| AIM OF THE TASK |
Copy each of the entries below faithfully, setting aside any pictures.

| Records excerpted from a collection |
>>>

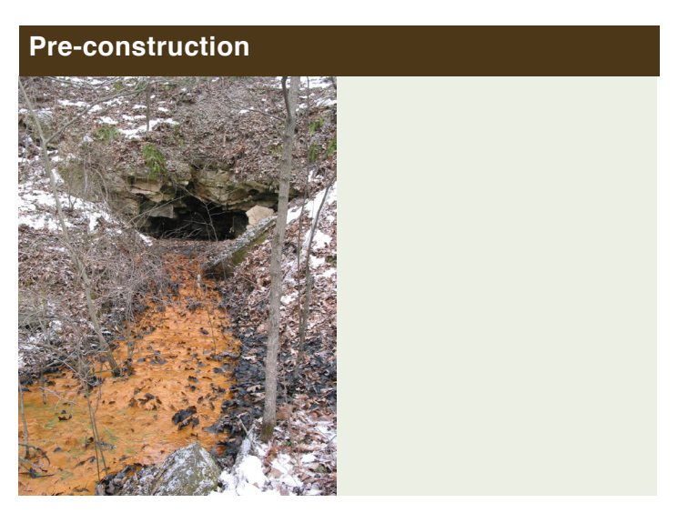
Underground mine entrance

Project Status: Complete: 8/30/2004 ODNR Project Number: JK-MI-51
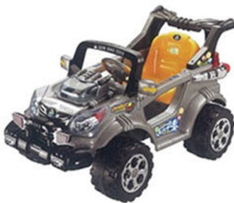
PC-7188 L118.5 x W71 x H69CM
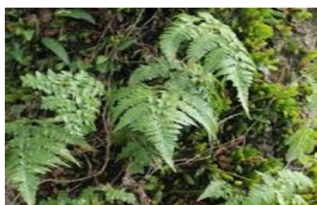
Plate 1. Davalia denticulata

Results of the study shows that species of mangrove epiphytes in the study area composed of 3 to 5 species per station and exhibit 1 to 3 identified species per plot. The species of Davalia denticulata and Aglaomorpha quercifold were the most common species of mangrove-epiphytic plants in the Agdao Station with relative abundance higher than 50% followed by Asplenium midus in 33.33%.
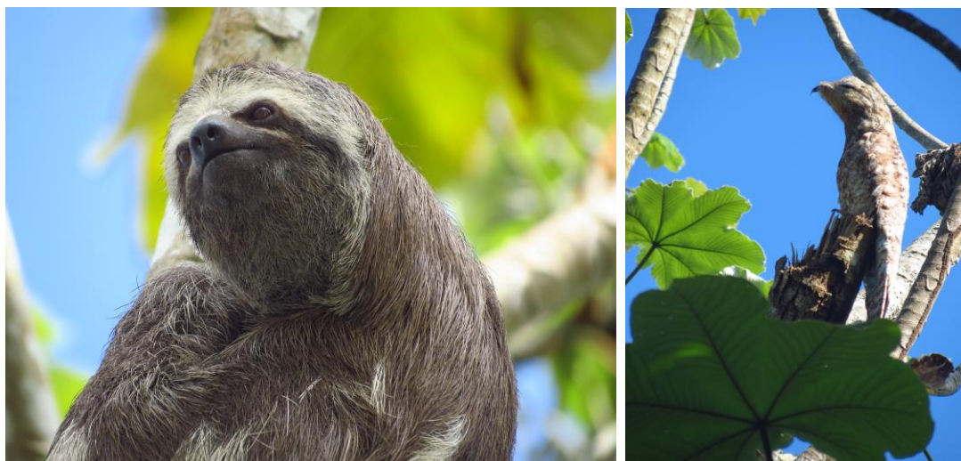
Three-toed Sloth and Great Potoo

We encountered a Black-tailed Trogon, several Hoatzins, Zimmer's, Straight-billed and Striped Woodcreepers, and a nest of Wattled Jacanas.
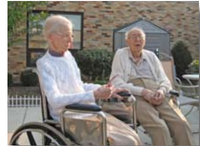
Residents of the Wauconda HealthCare and Rehabilitation Centre

Lake County United is a citizens' organization composed of 37 churches, synagogues, mosques, and non-profits working to improve the quality of life of Lake County residents. Founded in 2003, the organization identifies community concerns and needs, builds relationships across the county, and works as a united power for human dignity, social justice, and the greater good. Lake County United's current membership is listed on page 10.
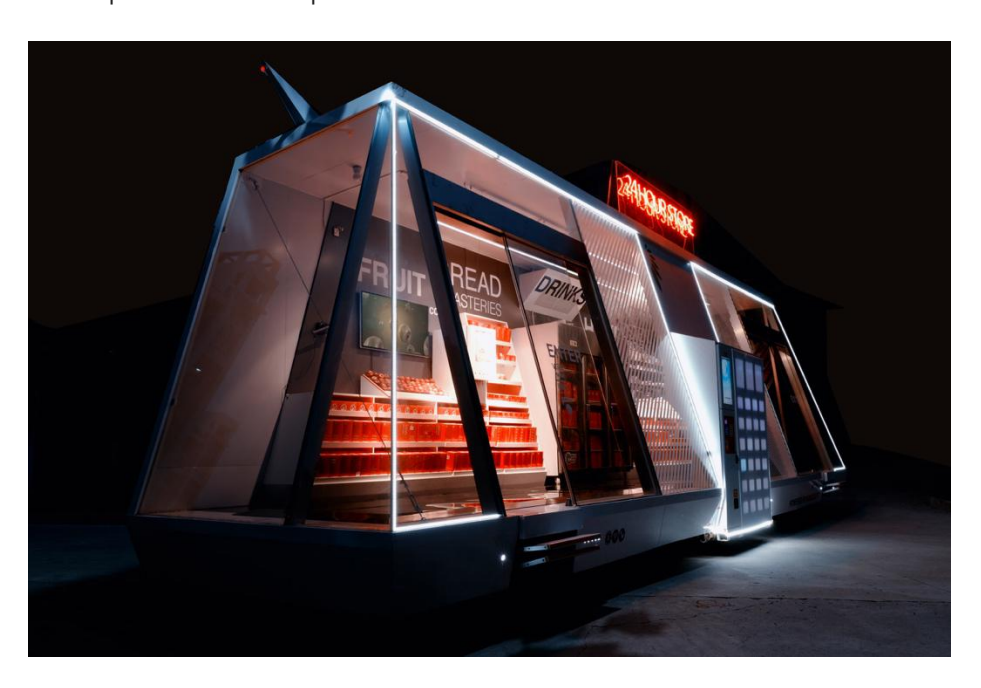
Image 1 (Top) – The Moby unmanned retail store viewed from the outside Image 2 (Bottom) - The interior of the Moby unmanned retail store.

White Whale AB trading as Moby ("Moby"), is a newly launched company stemming from Wheelys and is the world's first autonomous, unmanned, mobile retail store. Moby is currently in testing stage in Shanghai with sales occurring 24 hours a day. A number of the prebuilt stores have already been sold to customers with plans for greater development and expansion over 2018 and 2019.

<<<

| ANSWER SECTION |
Underground mine entrance

Project Status: Complete: 8/30/2004 ODNR Project Number: JK-MI-51
PC-7188 L118.5 x W71 x H69CM
Plate 1. Davalia denticulata

Results of the study shows that species of mangrove epiphytes in the study area composed of 3 to 5 species per station and exhibit 1 to 3 identified species per plot. The species of Davalia denticulata and Aglaomorpha quercifold were the most common species of mangrove-epiphytic plants in the Agdao Station with relative abundance higher than 50% followed by Asplenium midus in 33.33%.
Three-toed Sloth and Great Potoo

We encountered a Black-tailed Trogon, several Hoatzins, Zimmer's, Straight-billed and Striped Woodcreepers, and a nest of Wattled Jacanas.
Residents of the Wauconda HealthCare and Rehabilitation Centre

Lake County United is a citizens' organization composed of 37 churches, synagogues, mosques, and non-profits working to improve the quality of life of Lake County residents. Founded in 2003, the organization identifies community concerns and needs, builds relationships across the county, and works as a united power for human dignity, social justice, and the greater good. Lake County United's current membership is listed on page 10.
Image 1 (Top) – The Moby unmanned retail store viewed from the outside Image 2 (Bottom) - The interior of the Moby unmanned retail store.

White Whale AB trading as Moby ("Moby"), is a newly launched company stemming from Wheelys and is the world's first autonomous, unmanned, mobile retail store. Moby is currently in testing stage in Shanghai with sales occurring 24 hours a day. A number of the prebuilt stores have already been sold to customers with plans for greater development and expansion over 2018 and 2019.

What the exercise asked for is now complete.